Asher goes through many changes as he begins to get older and realize the ability he possesses. It seems that the emotion Asher feels as he enters this stage in his growth is so strong that he must result back to drawing, his first love. This is perhaps the only way he can express his true self and what he sees. This causes him to draw wherever he is, at all times. He begins to buy supplies from Yudel Krinsky, testing out new forms of art, new tools.
Asher draws the things affecting him the most, the people he knows so well. He connects everything to the way he feels and the way he sees everyone else feeling, trying to get the most out of a picture. Later in the chapter, Asher realizes the first signs of his talent maturing. He begins to see things in different ways. "That was the night I began to realize that something was happening to my eyes. I looked at my father and saw lines and planes I had never seen before. I could feel with my eyes." This shows how Asher is expanding the depth to which he draws and is now looking to art as more than just pictures, but instead feeling.

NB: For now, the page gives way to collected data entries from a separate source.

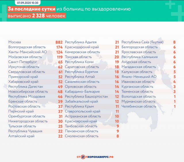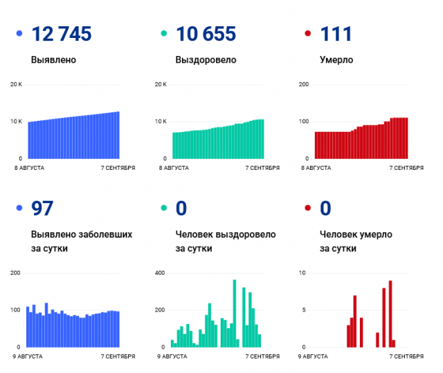 По данным федерального оперативного штаба на сегодня, 7 сентября, в Ульяновской области нет выздоровевших от коронавируса за последние сутки. Новых летальных случаев тоже не подтверждено.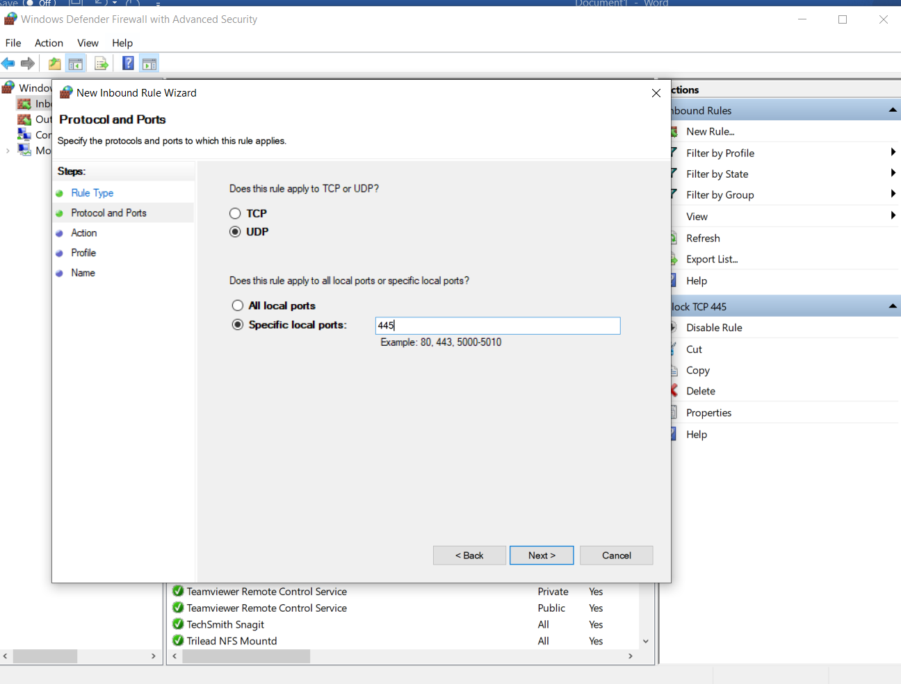 - Block Port UDP 445: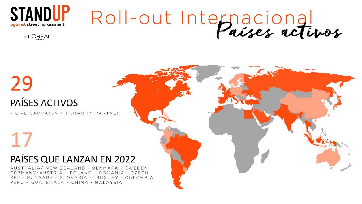 Ya activado en Francia, España, Argentina, Canadá, Estados Unidos, México, Italia e India con socios de caridad locales, Stand Up Against Street Harassment se ha lanzado recientemente en 8 nuevos países (Reino Unido, Alemania, Países Bajos, Grecia, Ucrania, Israel, Turquía, Indonesia) y 1 región (el Caribe). En asociación con la ONG local Ayuda en Acción, otros países lanzaron el programa el presente año (2022): Colombia, Chile, Perú, Centro América, Pakistán, Egipto, Tailandia, Marruecos, Líbano, Suiza, Polonia, Rusia, Suecia, Dinamarca, Finlandia, Noruega, Bélgica, Brasil, Australia, Japón, Emiratos Árabes Unidos y Arabia Saudita.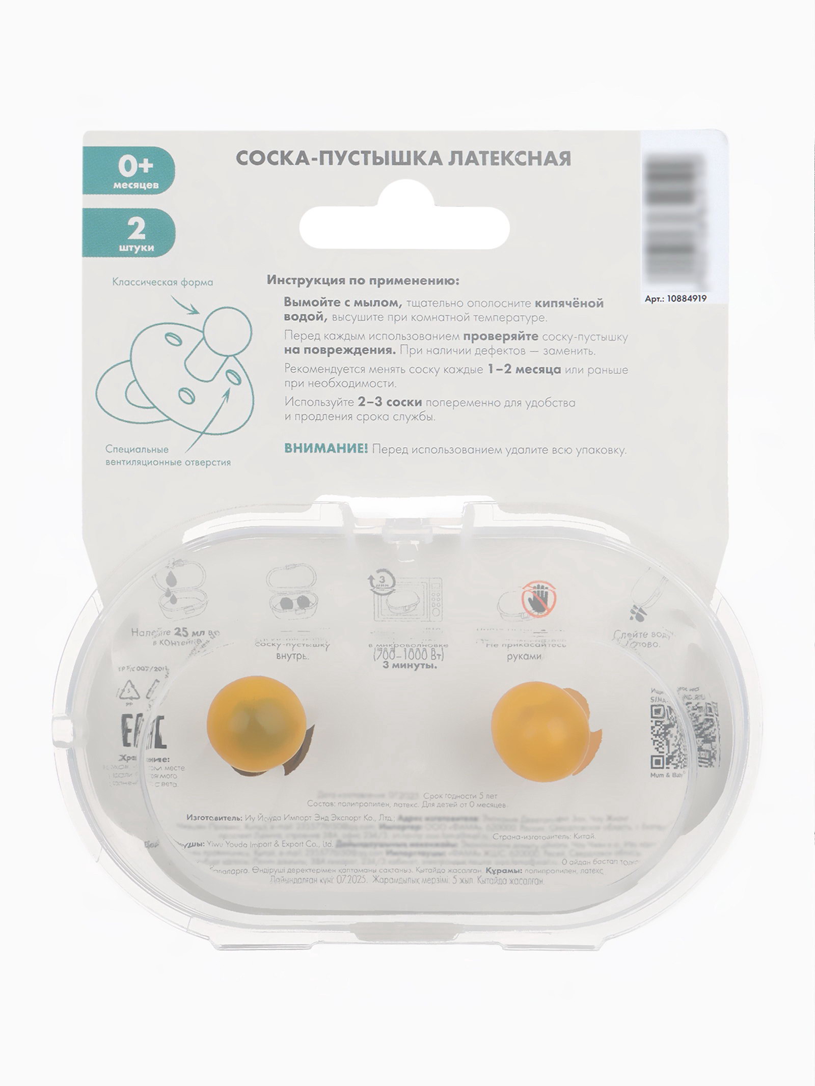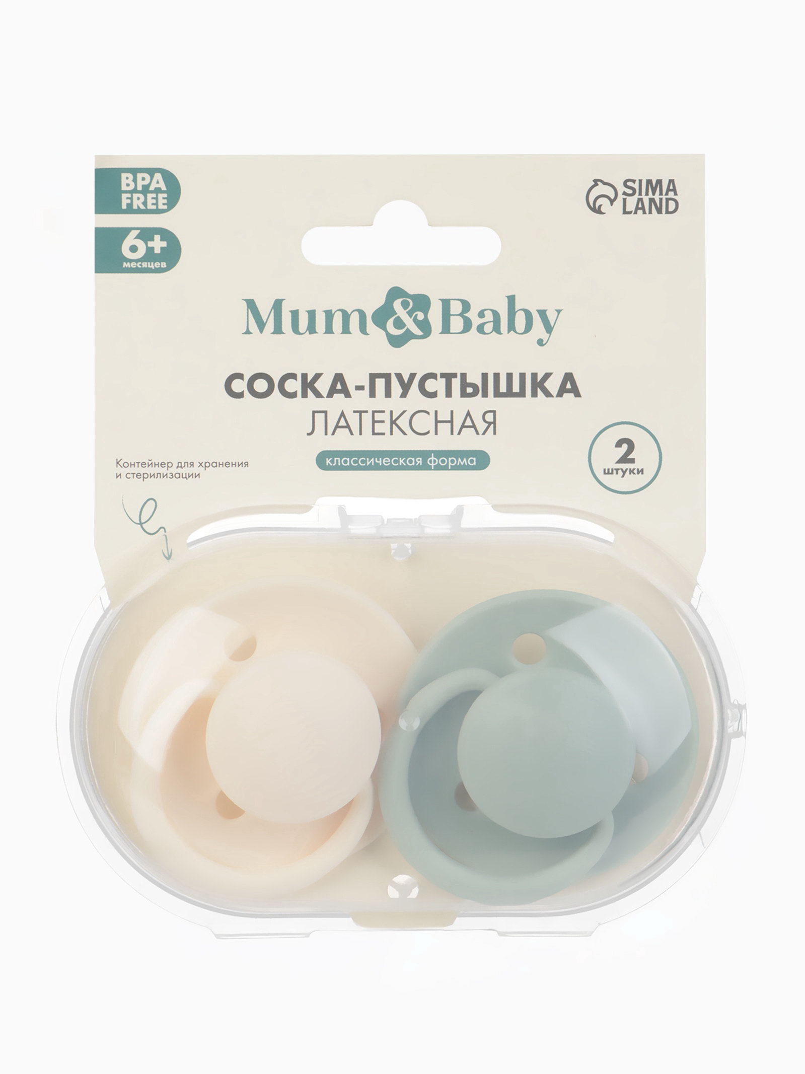 Соски-пустышки, от 6 мес., латекс, классические, в контейнере, набор из 2 шт., айвори/зелёный, M&B, 4.7x10.5x12.5 см., Mum&Baby, Китай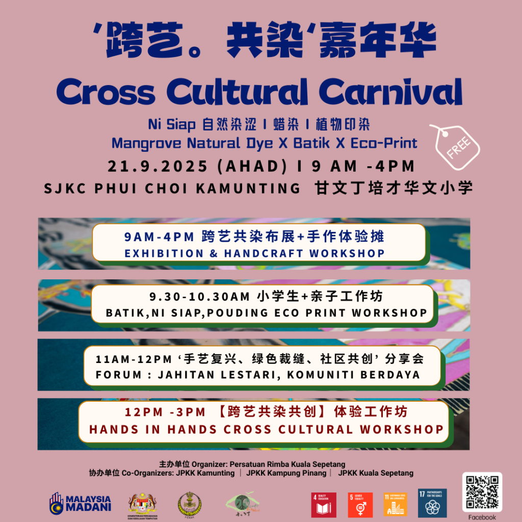 嘉年华不只展出红树皮自然染涩结合蜡染与植物印染的创作品,同时有手作摊和免费体验各种手作活动比如龙香、粘土、折篮子等。当天活动流程如下: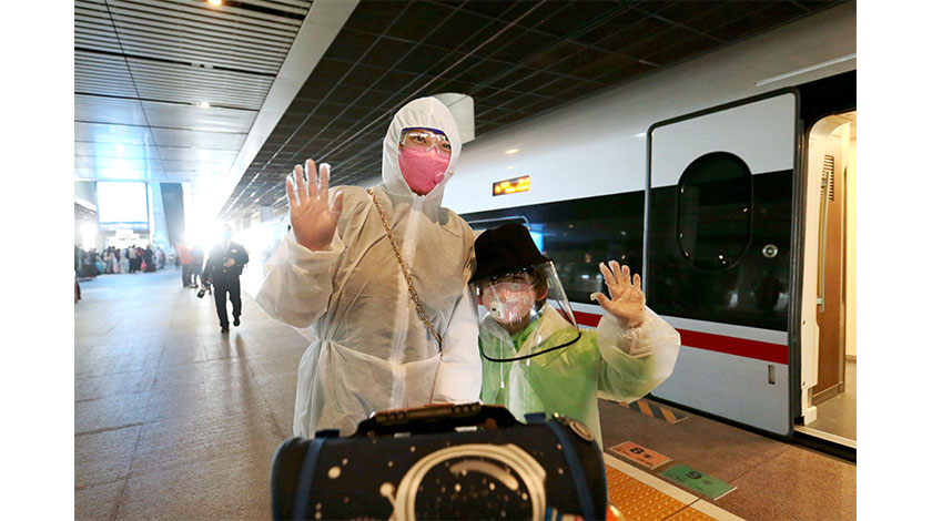 4月8日,一對母子『全副武裝』走出高鐵車廂。當日,武漢『解封』後,武漢始發的G857次動車組列車抵達西安北站。(中新社記者 張遠 攝)
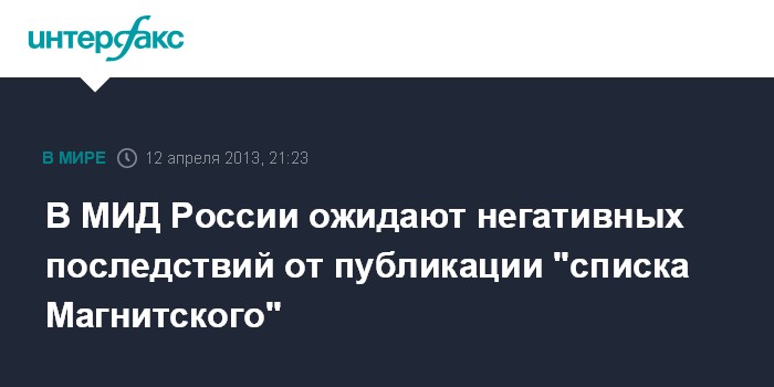 В МИД России ожидают негативных последствий от публикации "списка Магнитского"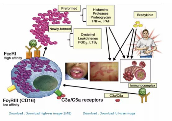 速發(fā)型過敏反應(yīng)的定義是一種嚴(yán)重的、危及生命的、迅速發(fā)展的、廣泛或全身性的超敏反應(yīng)。典型的臨床癥狀包括支氣管收縮、血管擴張、低血容量,可導(dǎo)致呼吸功能不全、休克和死亡。當(dāng)反應(yīng)是由免疫機制(IgE、IgG和補體相關(guān)的免疫復(fù)合物)介導(dǎo)時,被稱為過敏反應(yīng)。根據(jù)IgE的參與情況,反應(yīng)又可分為IgE介導(dǎo)反應(yīng)和非IgE介導(dǎo)反應(yīng)。典型的臨床癥狀包括支氣管收縮、血管擴張和低血容量(單獨或聯(lián)合使用),可導(dǎo)致呼吸功能不全、休克和死亡。兒童過敏反應(yīng)的最主要原因是食物,而成人過敏反應(yīng)的主要原因是藥物,特別是抗生素、神經(jīng)肌肉阻斷劑(NMBA)、非甾體類抗炎藥(NSAID)、造影劑和生物制劑。由IgE抗體介導(dǎo)的過敏反應(yīng)的典型例子是花生誘導(dǎo)的食物過敏反應(yīng),它可被稱為IgE介導(dǎo)的過敏反應(yīng)。這種過敏反應(yīng)通常被認(rèn)為是由于T細(xì)胞識別抗原并啟動Th2型反應(yīng)后,B細(xì)胞產(chǎn)生IgE抗體。

Due to this expanse he experiences, Asher will not let anything stop him, including his parents’ need to move to Vienna. Though he is maturing as an artist, he acts like a baby when it comes to facing change, letting the reader know that he is still a little boy no matter how well he can draw. He refuses to move and causes frustration and loss of hope among his parents, even trying to convince his uncle to let him stay with them.
Asher is afraid of leaving his home and the only things that he is familiar with because they contain his drawings. It seems like he has a fear that he will leave behind his artistic talent if he moves, as if the only reason he has the talent is because it was originated by that particular street. By the end of the chapter, Asher is so exhausted with his relentless efforts and the strictness of his parents that he gives up and goes with them to get passports for the move. This I think shows the reader that even though Asher is a young boy, he is still being forced to make adult decisions and acceptances due to the work of his father. It is a form of indirect maturation in itself, for he is growing up in the process.
Overall, this chapter shows various sides of maturation in Asher and the efforts he puts forth to try to prevent himself from losing all he has.